» REQUIRED WORK: Exactly as written, transcribe the data from its opening line through the line containing "Рис. 1. Измерение". Leave every picture out.

═══ SOURCE DATA ═══

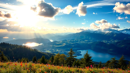 Panoramic view of beautiful alpine meadow with wildflowers at sunset
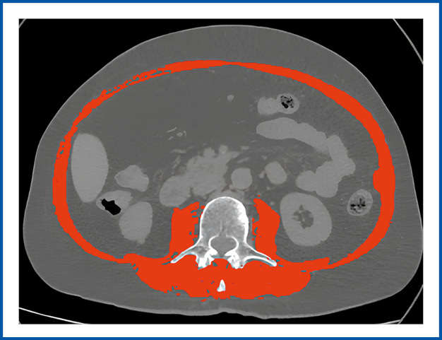 Рис. 1. Измерение площади скелетной мускулатуры с помощью КТ.
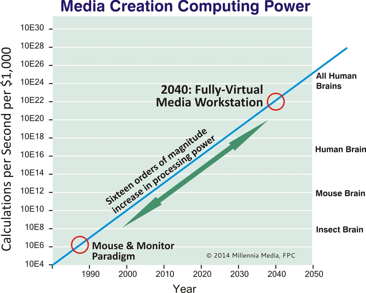 Today, a $400 Sony PS4 employs around 5 billion transistors, with 2 teraflop graphics processing — about the same computing power as one mouse brain (according to inventor and futurist Ray Kurzweil). By 2027 a commodity gaming console will be 10,000 times more powerful than today's machines. That's the processing power of a human brain sitting on your desktop — roughly equivalent to the power of IBM's Watson supercomputer in 2010. With effectively unlimited processing power, and profoundly advanced AI, our future production tools will allow us to call up a visually and musically correct symphony orchestra in any concert hall of our choosing. Let's add a Bulgarian choir, or maybe Yo Yo Ma on his carbon fiber cello. Immersive media creation systems will allow us to organically develop our own musical ideas by intelligently interacting with each desk of a symphony orchestra, or a gamelan orchestra, or a rock band — or whatever — of any size, and in any space (assuming our desired players, instruments, and acoustic spaces have been characterized). Gestural and voice commands will make refinements to the score and performance, just as a conductor or producer would rehearse real-space talent, until the ensemble plays exactly as we envision. Our technology growth charts suggest that by 2040, we will achieve all of this (and perhaps more) in a VMW — Virtual Media Workstation.
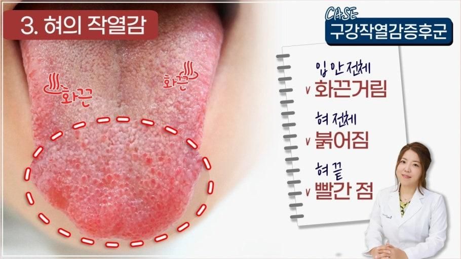 구강작열감증후군은 구강 점막이 화끈거리거나 따끔거리거나 통증 등이 반복되는 만성질환입니다. 현재 나타나는 증상은 구강작열감증후군과 일치하지는 않는것 같습니다. 한방에서 설진으로 진단해보면 혀끝이나 가장자리가 붉게 도드라지는 것은 상기도 감염이나 건조증 등이 원인이 될 수 있습니다. 혹은 알러지 질환에서 나타날 수 있는 반응입니다
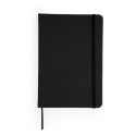 Bloc de notas A6 con tapa rígida de polipiel. Marcapáginas y banda elástica. 100 hojas.
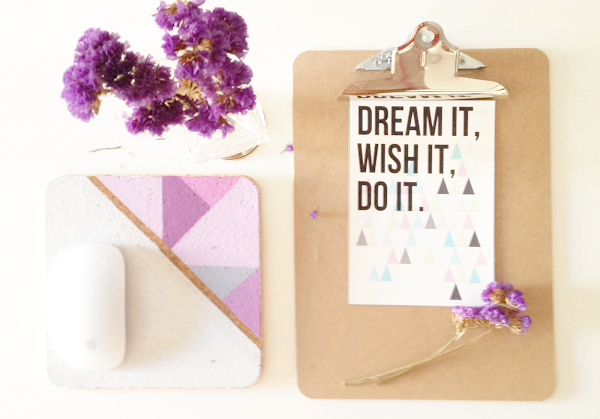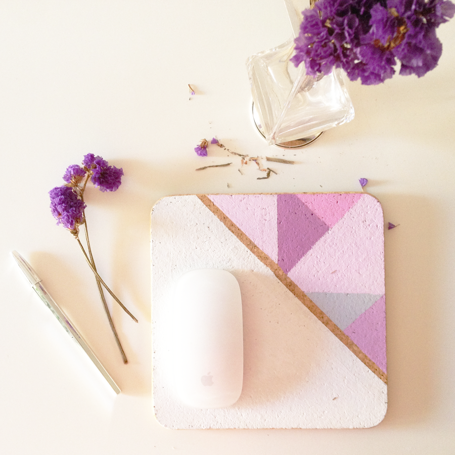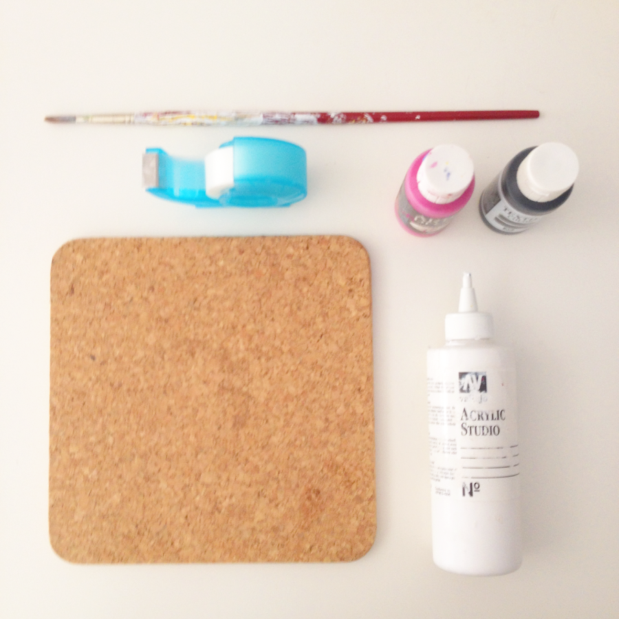 Lo que he utilizado para este diy es un salvamanteles de corcho, un poco de celo, pincel y pintura de los colores que más os gusten (yo he cogido blanco, rosa y negro y los he mezclado para crear esta gama).
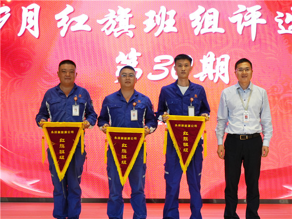 羅周總為紅旗班組頒授紅旗并表示祝賀。羅總指出,眾多優秀的基層管理干部不斷成長,再次充分證明了堅持班組建設的正確性和前瞻性,這是永祥能持續壯大的基礎,希望這塊基石在各方努力下,更加夯實和牢靠。李董說過,唯有安全也只有安全才能阻擋永祥新能源的發展,要進一步強化安全管理工作,緊繃安全這根弦不松懈。班組建設肩負了傳承的重要作用,無論是管理理念還是技能水平,都融入到了班組建設當中,要持續完善師帶徒機制,促進安全標準、企業文化的薪火相傳,推動公司長久穩定高質量發展。
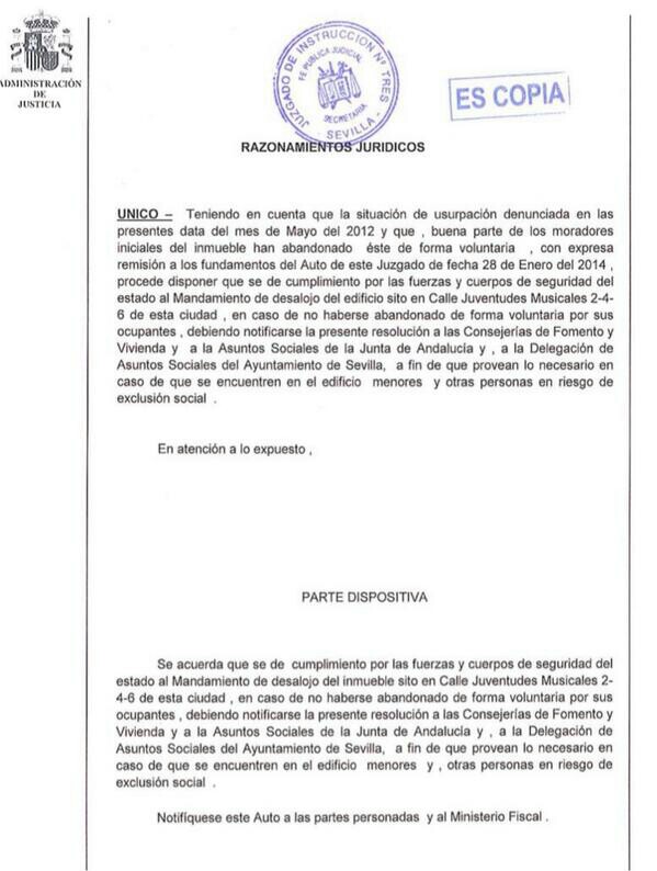 El gobierno de Zoido aprobó el 8 de febrero de 2013 «el baremo para la adjudicación de viviendas a familias en proceso de intervención social», de esta lista quedan excepcionados los casos de realojo… como es el caso de la Corrala Utopía.
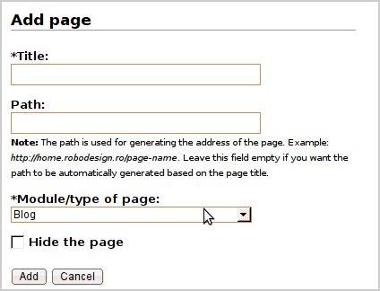 When the user adds a page, he can pick which module he wants to use: a simple article, a blog, a gallery, or an external link.
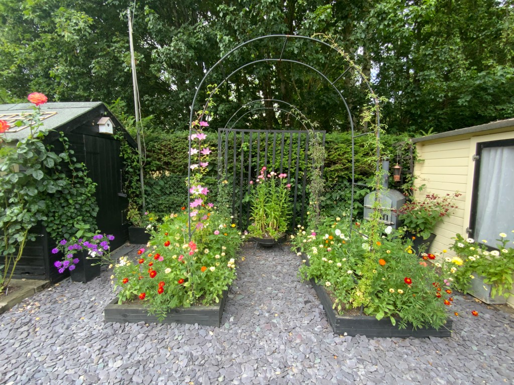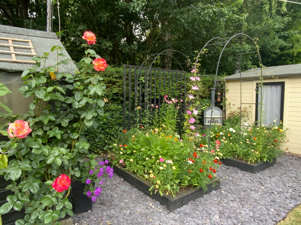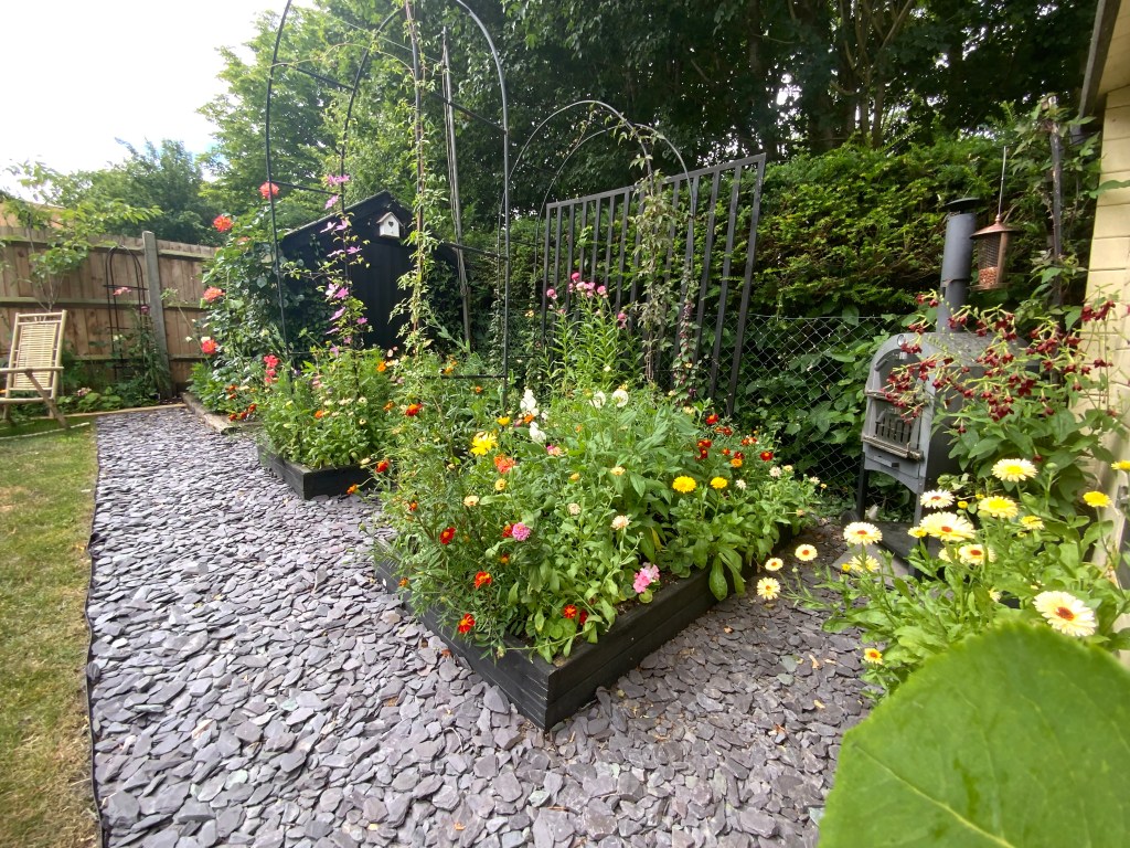 When we first moved in, we laid a gorgeous new lawn. It wasn’t long until the humongous trees behind our garden well and truly killed it. During lockdown battled the area. We brought two tons of grey slate to cover up the nonexistent grass mud section and made raised borders in hopes to grow our own vegetables, which we failed miserably at, due to slugs 🐌 and caterpillars. 🐛The butterflies were a joyful bonus.🦋
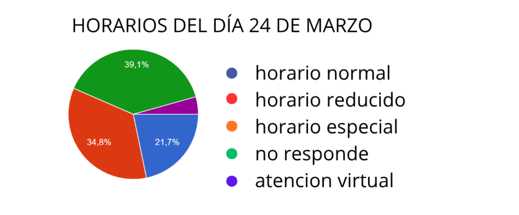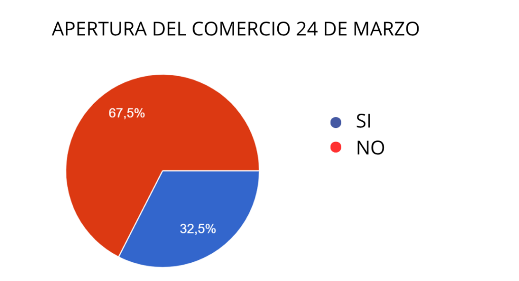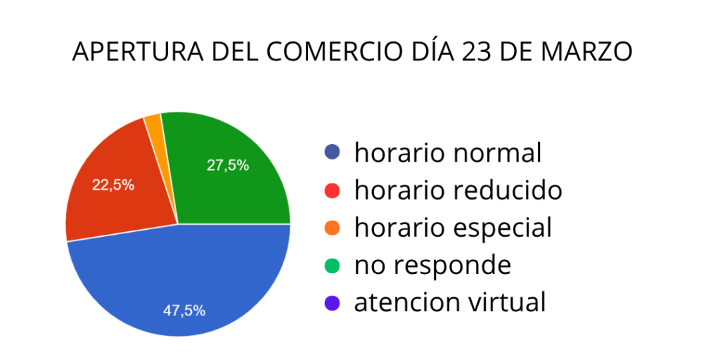 En relación al lunes 23 de marzo, los resultados indican que el 70% de los comercios abrirá sus puertas, mientras que el 30% permanecerá cerrado. En cuanto a la modalidad de trabajo, se observa que una parte importante de los locales funcionará con su plantel habitual, aunque también habrá comercios atendidos por sus dueños o con personal reducido.
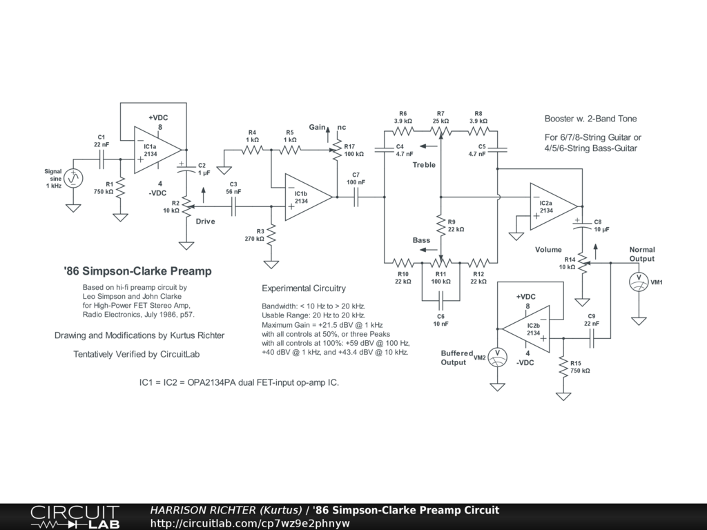 Guitar preamp with 2-band tone that can serve as a high-gain clean boost. Based on preamp for a high-power FET stereo amplifier by Leo Simpson and John Clarke, Radio Electronics mag., July 1986, p57. Modifications include addition of an output buffer and part-values changes. The original can be seen here.
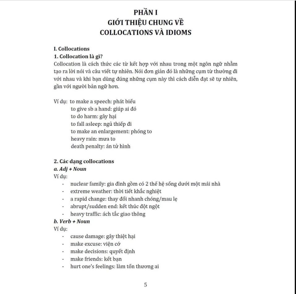 - PHẦN 1: giới thiệu chung về collocations và idioms, cũng như hệ thống một số collocations và idioms thường gặp.
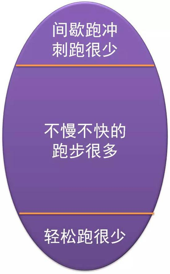 但事实上,很多跑者,哪怕是资深跑者,训练模式却是纺锤形模式,什么叫纺锤形训练模式?意思是指很多跑者平时很少做间歇跑、冲刺跑这类速度很快的训练,而速度较慢的轻松跑也不屑于训练,他们的训练多数是不慢不快地跑步。这种训练方式带来的问题就是尽管训练不轻松,但能力提高缓慢,成绩停滞不前,还因为训练太过单调而容易受伤。
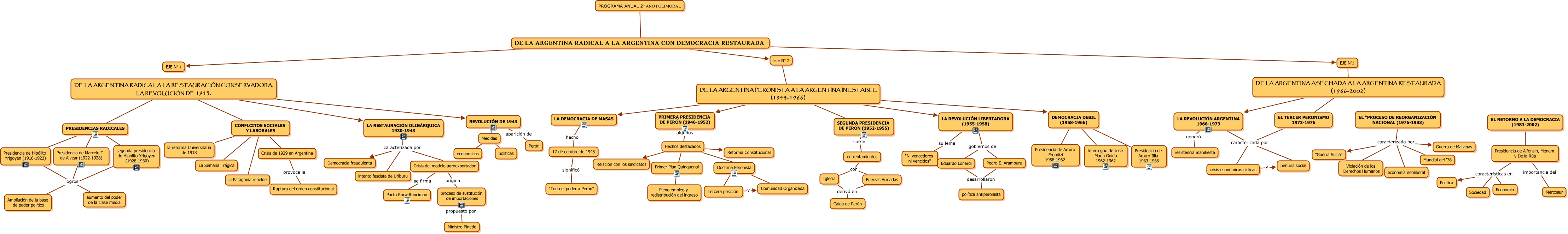 Este Cmap, tiene información relacionada con: PROGRAMA 2°, DE LA ARGENTINA RADICAL A LA RESTAURACIÓN CONSERVADORA. LA REVOLUCIÓN DE 1943. REVOLUCIÓN DE 1943, DEMOCRACIA DÉBIL (1958-1966) Interregno de José María Guido 1962-1962, Iglesia derivó en Caída de Perón, Doctrina Peronista Comunidad Organizada, LA RESTAURACIÓN OLIGÁRQUICA 1930-1943 caracterizada por Crisis del modelo agroexportador, DE LA ARGENTINA RADICAL A LA RESTAURACIÓN CONSERVADORA. LA REVOLUCIÓN DE 1943. CONFLCITOS SOCIALES Y LABORALES, PRESIDENCIAS RADICALES Presidencia de Hipólito Yrigoyen (1916-1922), enfrentamientos con Iglesia, DE LA ARGENTINA PERONISTA A LA ARGENTINA INESTABLE (1943-1966) DEMOCRACIA DÉBIL (1958-1966), DE LA ARGENTINA ASECHADA A LA ARGENTINA RESTAURADA (1966-2002) EL TERCER PERONISMO 1973-1976, CONFLCITOS SOCIALES Y LABORALES la reforma Universitaria de 1918, Fuerzas Armadas derivó en Caída de Perón, segunda presidencia de Hipólito Yrigoyen (1928-1930) logros aumento del poder de la clase media, Hechos destacados Relación con los sindicatos, SEGUNDA PRESIDENCIA DE PERÓN (1952-1955) sufrió enfrentamientos, Presidencia de Alfonsín, Menem y De la Rúa importancia del Mercosur, EJE N°3 DE LA ARGENTINA ASECHADA A LA ARGENTINA RESTAURADA (1966-2002), 17 de octubre de 1945 significó "Todo el poder a Perón", LA REVOLUCIÓN ARGENTINA 1966-1973 caracterizada por crisis económicas cíclicas, LA RESTAURACIÓN OLIGÁRQUICA 1930-1943 caracterizada por intento fascista de Uriburu
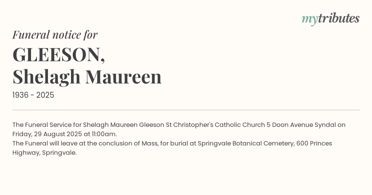18°CThe Funeral Service for Shelagh Maureen Gleeson St Christopher's Catholic Church 5 Doon Avenue Syndal on Friday, 29 August 2025 at 11:00am.
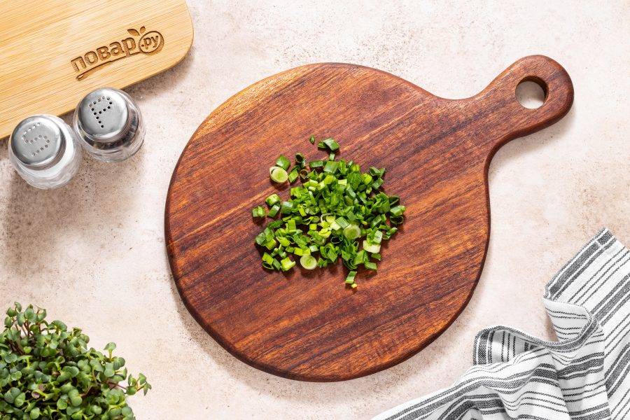 Для подачи мелко нарежьте зеленый лук.
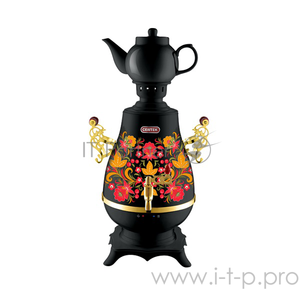 Самовар Centek СТ-0092 B (черн+рисунок+золото), 4.0л, 2300Вт, поддерж.t + LED индикатор, керам зав
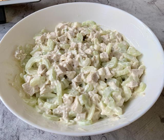 В готовом виде куриных грудок 250 граммов, сельдерея 300 граммов. Грудки варила так - в кипящий овощной бульон (порошковый) вложила 350 г грудок, довела до кипения и выключила. Оставила до утра на плите.  супер
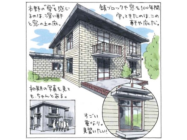 そして、この「愛の名住宅図鑑」で注目したいのは、屋根部分の深い軒だ。窓の上に飛び出す庇もいくつかある。日本の雨の多さを考慮したのだ。
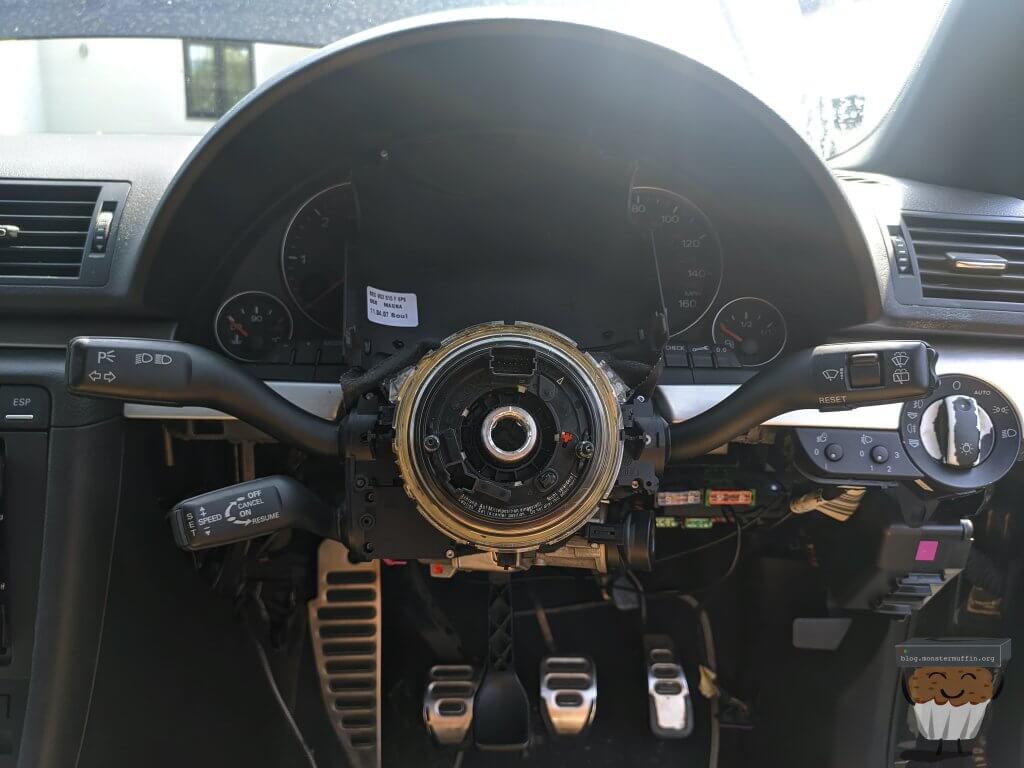 The things to remove come out easily, as long as you have the right tools. Once this is done it’s a piece of cake. The image below shows the last step before putting the steering wheel back on, you can see the cruise stalk on the bottom left.
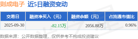 证券之星消息,9月30日,则成电子(920821)融资买入75.53万元,融资偿还157.68万元,融资净卖出82.15万元,融资余额2056.88万元。

═══

» RESPONSE TO THIS EXERCISE:
 Panoramic view of beautiful alpine meadow with wildflowers at sunset
 Рис. 1. Измерение площади скелетной мускулатуры с помощью КТ.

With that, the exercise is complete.